Hubo mujeres desmayadas, cabezas rotas y hurtos de relojes y carteras.
La policía tuvo que arrancar a viva fuerza de las garras de aquellos salvajes borrachos al marsellés que gritaba colérico: Tas de cochons!
A un lado y otro de los ídolos de palo se extendían hileras de negras y mulatas viejas con hachones que movían sus lenguas rubicundas. Petronio, Garibaldi, Zapote y Portocarrero, llevaban los cordones de la Virgen, cuya corona de laca con lentejuelas azules y amarillas temblaba rítmicamente a compás del paso de los sayones. Todo el mundo se descubrió, poniéndose de rodillas con fanatismo búdico. Los chiquillos se trepaban a los árboles, a las ventanas y a los faroles para ver bien el cortejo. Curas panzudos y hepáticos, de fisonomía mongólica, iban a la cabeza hisopeando al gentío y gruñendo latines. Las campanas volteaban sin descanso los cohetes estallaban horrísonos, los perros ladraban y la charanga tocaba pasillos y danzones.
Del abigarrado oleaje popular se exhalaba un olor acre a ginebra, a ganado lanar y agua de Florida.
De súbito se oyó un grito desgarrador, como de un cerdo a quien degüellan. Era el negro de marras a quien el marsellés acababa de dar una puñalada.
Las imágenes se quedaron abandonadas en medio de la calle. Los curas huyeron; las puertas se cerraron brusca y estrepitosamente. Los soldados repartían culatazos a diestro y siniestro sobre la multitud que corría atropellándose, maldiciendo y quejándose, poseída de un miedo contagioso. Muchos, que habían subido a las ventanas y los faroles, recibían a patada limpia a los que agarrándose a sus piernas querían trepar también. A una mulata la habían desgarrado el corpiño y mostraba el torso desnudo. Una chinita, a quien su madre llevaba en vilo, se había prendido, como un cangrejo, de las pasas de una negra. Dando alaridos rodaba por el suelo, bajo los pies de los que huían, un amasijo de niños y viejas.
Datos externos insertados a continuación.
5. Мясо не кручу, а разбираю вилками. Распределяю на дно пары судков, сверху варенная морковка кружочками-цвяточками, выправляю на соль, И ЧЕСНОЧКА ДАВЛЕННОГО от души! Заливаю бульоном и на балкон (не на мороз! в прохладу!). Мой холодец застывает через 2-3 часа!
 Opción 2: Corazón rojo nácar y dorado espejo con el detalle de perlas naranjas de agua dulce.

Por una de las bocacalles desaguaba un torrente oscuro agitando los brazos y retorciéndose como los posesos de un grabado de Hondius.
Al través del lenguaje mímico de aquellos ojos abiertos, de aquellas bocas contraídas y de aquellas manos crispadas, se leía el efecto mecánico de un miedo invencible. Las caras menos expresivas eran las de los indios, y las más grotescas las de los negros.
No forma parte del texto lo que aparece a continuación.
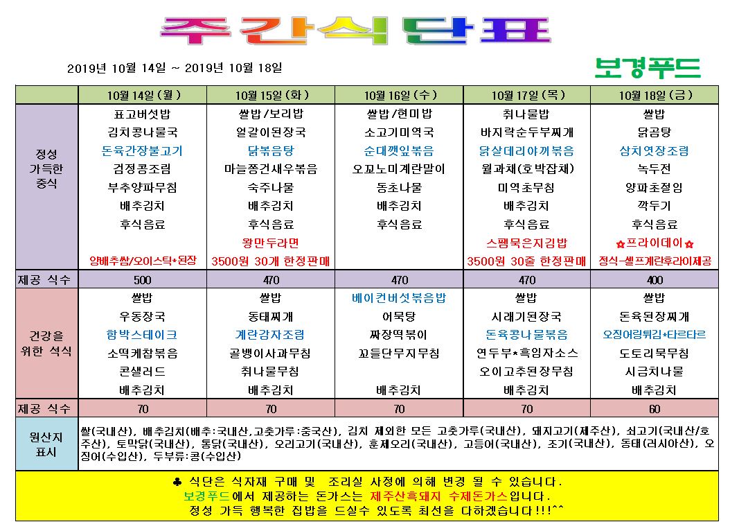 #제주첨단과학기술단지 #구내식당 #메뉴 #2019년 #10월 #3주차 #주간메뉴
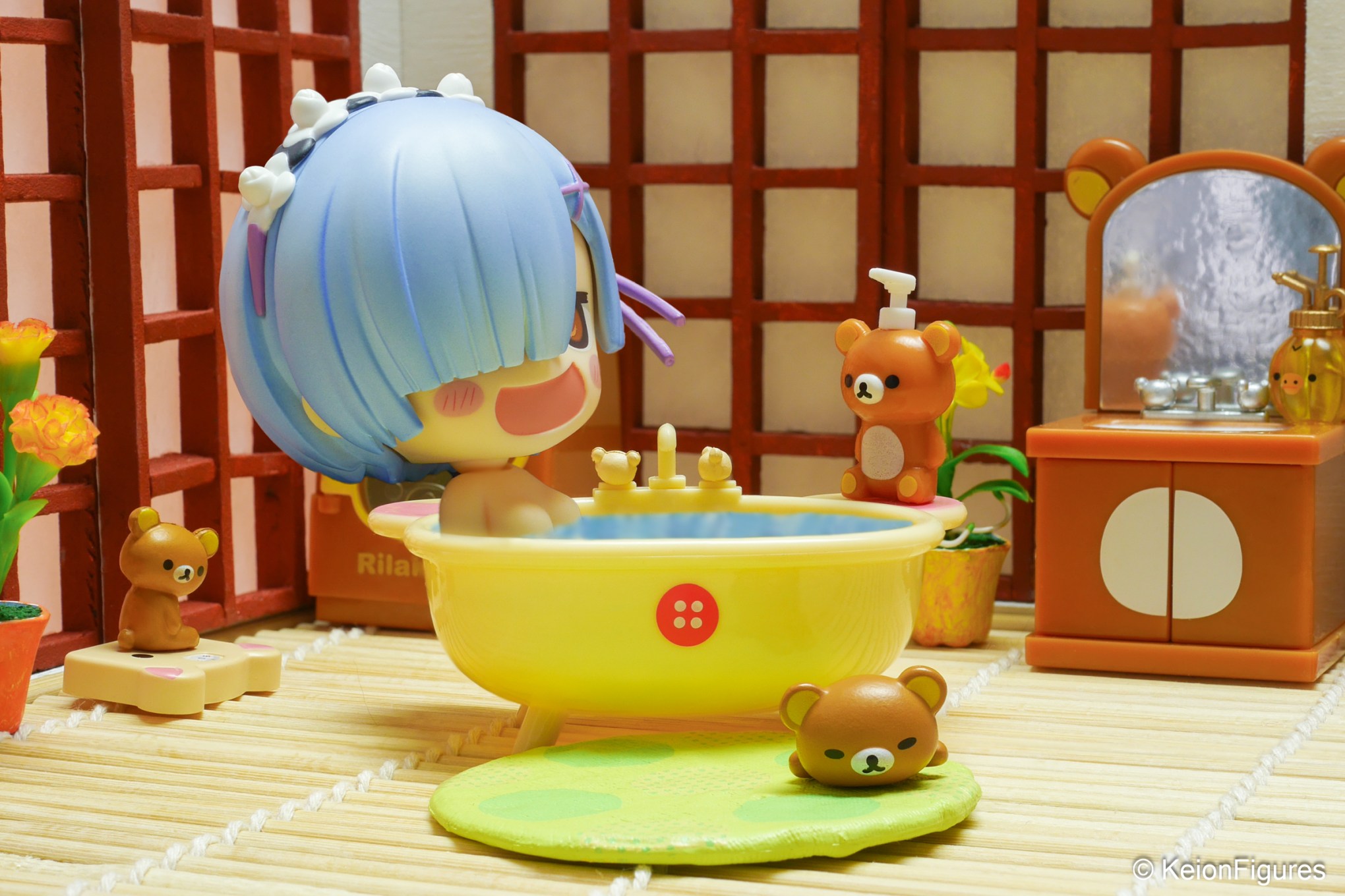 Surrounded by adorable Rilakkuma figures, Rem couldn’t help but giggle. One sat on the edge of the tub, balancing a soap dispenser, while another relaxed on a tiny bath mat. The whimsical decor lifted her spirits, and for a moment, she imagined the little bears coming to life and sharing a laugh with her. Their presence made her bath feel magical. 🛁🐻
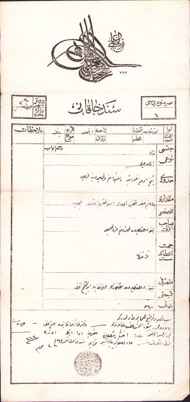 Osmanlıca Sened-i Hakanî antetli arz-ı mirî tarla tapusu, Lazistan 1313, 17x35 cm, yorgun haliyle
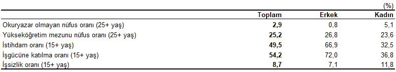 İşgücüne katılma oranı eğitim durumuna göre incelendiğinde, kadınların eğitim seviyesi yükseldikçe işgücüne daha fazla katıldıkları görüldü. Okuryazar olmayan kadınların işgücüne katılma oranı %14,6, lise altı eğitimli kadınların işgücüne katılma oranı %27,5, lise mezunu kadınların işgücüne katılma oranı %38,5, mesleki veya teknik lise mezunu kadınların işgücüne katılma oranı %43,8 iken, yükseköğretim mezunu kadınların işgücüne katılma oranı %68,7 oldu.
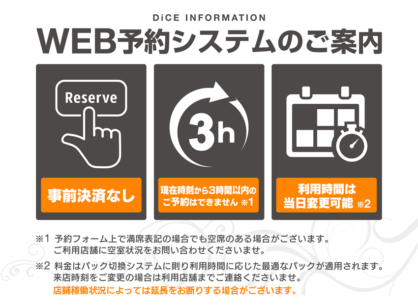 ダイスではご来店前にお席のご予約が可能です。
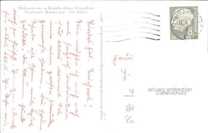 71874180 alte Postkarte HAMBURG CITY Diakonissen- und Krankenhaus Jerusalem postalisch gelaufen Erhaltung siehe scans KatCode: 11110002000000
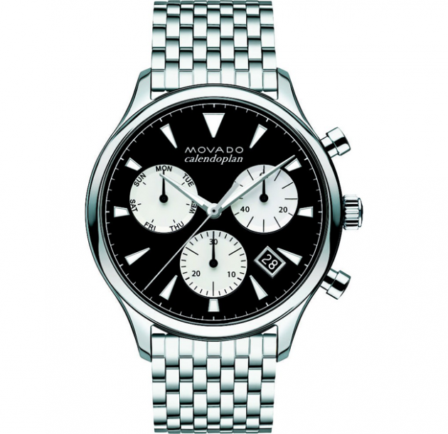 Swiss chronograph design meets stunning stainless steel style in this handsome Heritage watch from Movado. Dial black with printed index.

Don Olimpio, empujado y envuelto por la marea humana, subido al atrio de la catedral, se metió a medias en el templo, a imitación del Raimundo Lulio, de Núñez de Arce.
En la noche propincua, las nubes de polvo caliente y asfixiante, agujereadas por las luces rojizas de los cohetes y las bengalas, fingían un incendio entre cuyas llamas se debatían gritando centenares de víctimas.